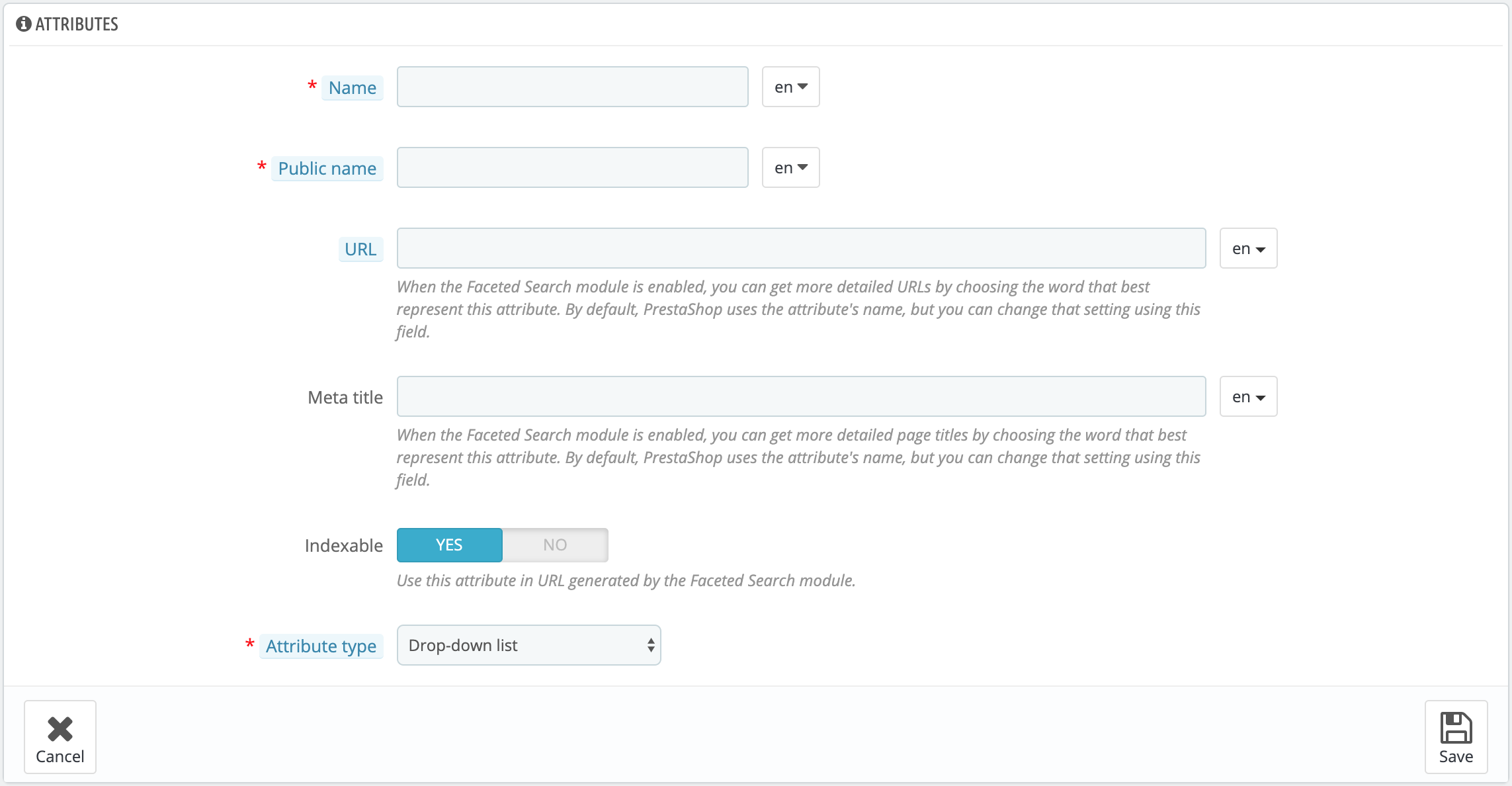 Save your new attribute to return to the attributes list. You must now add values to your attribute.
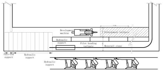 The core of the “1 + 2” integrated excavation and support method lies in using hydraulic supports arranged parallel to the strike to reinforce the large-span tailgate roof, achieving safe and efficient installation through parallel enlargement and support operations. The number “1” refers to installing 1 row of hydraulic supports parallel to the strike along the enlargement side within the tailgate to reinforce the roof, serving as the first support to be rotated and installed in each cycle; “2” refers to supplementally installing 2 hydraulic supports after the first support in each cycle is rotated into the face-advance direction.
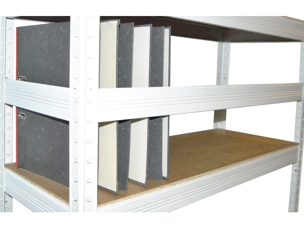 zadní Zábrana slouží proti vypadávání zboží nebo šanonů z regálu. Zábranu lze instalovat v libovolné výšce co 35 mm stejně jako nosníky regálu. V každém prostoru mezi policemi lze instalovat libovolné množství bočních zábran. Zábrana se montuje zasunutím do stojinek, není zapotřebí žádných šroubků ani matic. Jednoduché zabezpečení zboží nebo šanonů na regálových policích.
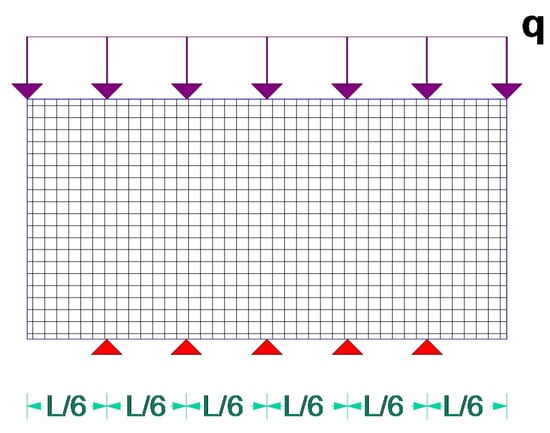 The next example is labeled test example D, and the corresponding design domain is presented in Figure 11 that is also of rectangular shape with dimensions . The support conditions correspond to two fixed points at the bottom edges located at the two opposite corners of the design domain, while the loading conditions refer to a concentrated load at the middle of the bottom edge applied along the vertical y axis. The desired volume fraction is equal to , and the structured FE discretization ratio is equal to . The corresponding set of randomly chosen optimized shapes by means of the MLGen methodology is presented in Figure 12.
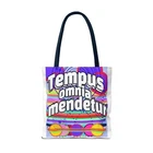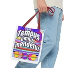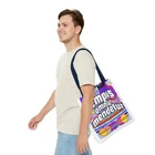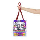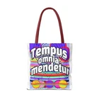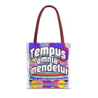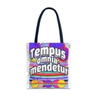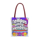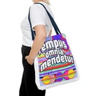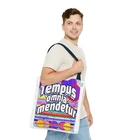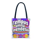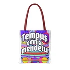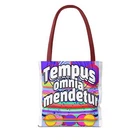 Available in 3 sizes to add both functionality and style, these custom-printed tote bags come with multiple handle colors to match your designs. Made with spun polyester, these bags feature double-stitched seams, cotton webbing straps, and nonwoven laminate lining for high-end durability. Your all-over print is created with dye sublimation for high-end visuals. .: Made with 100% polyester, a medium-weight fabric (6.49 oz/yd² (200 g/m²)) that is highly durable and perfect for everyday use. .: 5 color handle options .: All tote bags come with a non-woven laminate inside, cotton handle, and are available in 3 sizes (1x large storage compartment) so that you can match your customers' needs. .: Please note: Size tolerance ±0.75" (1.9 cm)
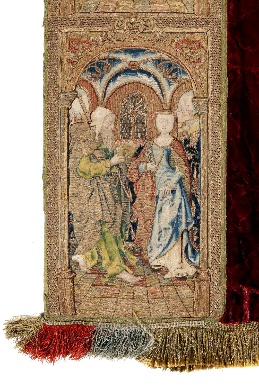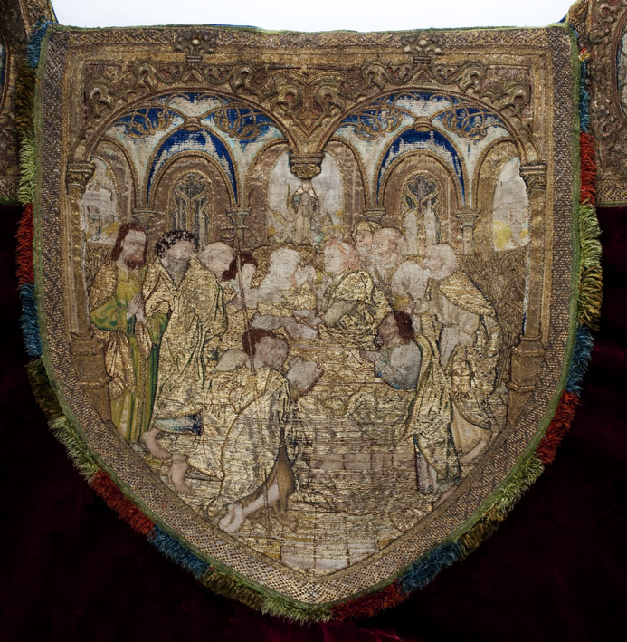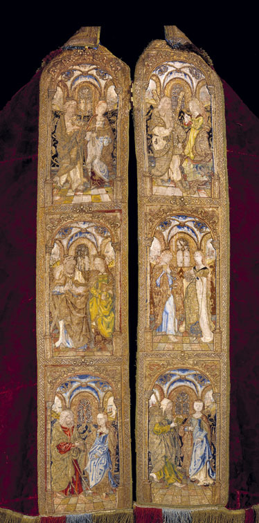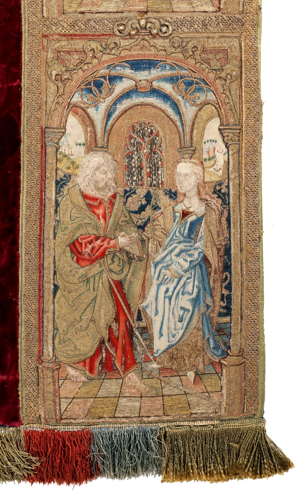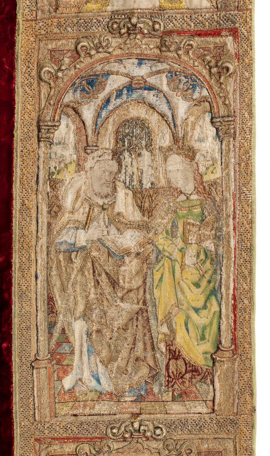 Rode koorkap van geciseleerde Venetiaans fluweel met dood van Maria
════════════════
» **What you need to do**: Copy all of the listing word for word, minus the images.

» **Solution to this exercise**:
 Save your new attribute to return to the attributes list. You must now add values to your attribute.
 The core of the “1 + 2” integrated excavation and support method lies in using hydraulic supports arranged parallel to the strike to reinforce the large-span tailgate roof, achieving safe and efficient installation through parallel enlargement and support operations. The number “1” refers to installing 1 row of hydraulic supports parallel to the strike along the enlargement side within the tailgate to reinforce the roof, serving as the first support to be rotated and installed in each cycle; “2” refers to supplementally installing 2 hydraulic supports after the first support in each cycle is rotated into the face-advance direction.
 zadní Zábrana slouží proti vypadávání zboží nebo šanonů z regálu. Zábranu lze instalovat v libovolné výšce co 35 mm stejně jako nosníky regálu. V každém prostoru mezi policemi lze instalovat libovolné množství bočních zábran. Zábrana se montuje zasunutím do stojinek, není zapotřebí žádných šroubků ani matic. Jednoduché zabezpečení zboží nebo šanonů na regálových policích.
 The next example is labeled test example D, and the corresponding design domain is presented in Figure 11 that is also of rectangular shape with dimensions . The support conditions correspond to two fixed points at the bottom edges located at the two opposite corners of the design domain, while the loading conditions refer to a concentrated load at the middle of the bottom edge applied along the vertical y axis. The desired volume fraction is equal to , and the structured FE discretization ratio is equal to . The corresponding set of randomly chosen optimized shapes by means of the MLGen methodology is presented in Figure 12.
 Available in 3 sizes to add both functionality and style, these custom-printed tote bags come with multiple handle colors to match your designs. Made with spun polyester, these bags feature double-stitched seams, cotton webbing straps, and nonwoven laminate lining for high-end durability. Your all-over print is created with dye sublimation for high-end visuals. .: Made with 100% polyester, a medium-weight fabric (6.49 oz/yd² (200 g/m²)) that is highly durable and perfect for everyday use. .: 5 color handle options .: All tote bags come with a non-woven laminate inside, cotton handle, and are available in 3 sizes (1x large storage compartment) so that you can match your customers' needs. .: Please note: Size tolerance ±0.75" (1.9 cm)
 Rode koorkap van geciseleerde Venetiaans fluweel met dood van Maria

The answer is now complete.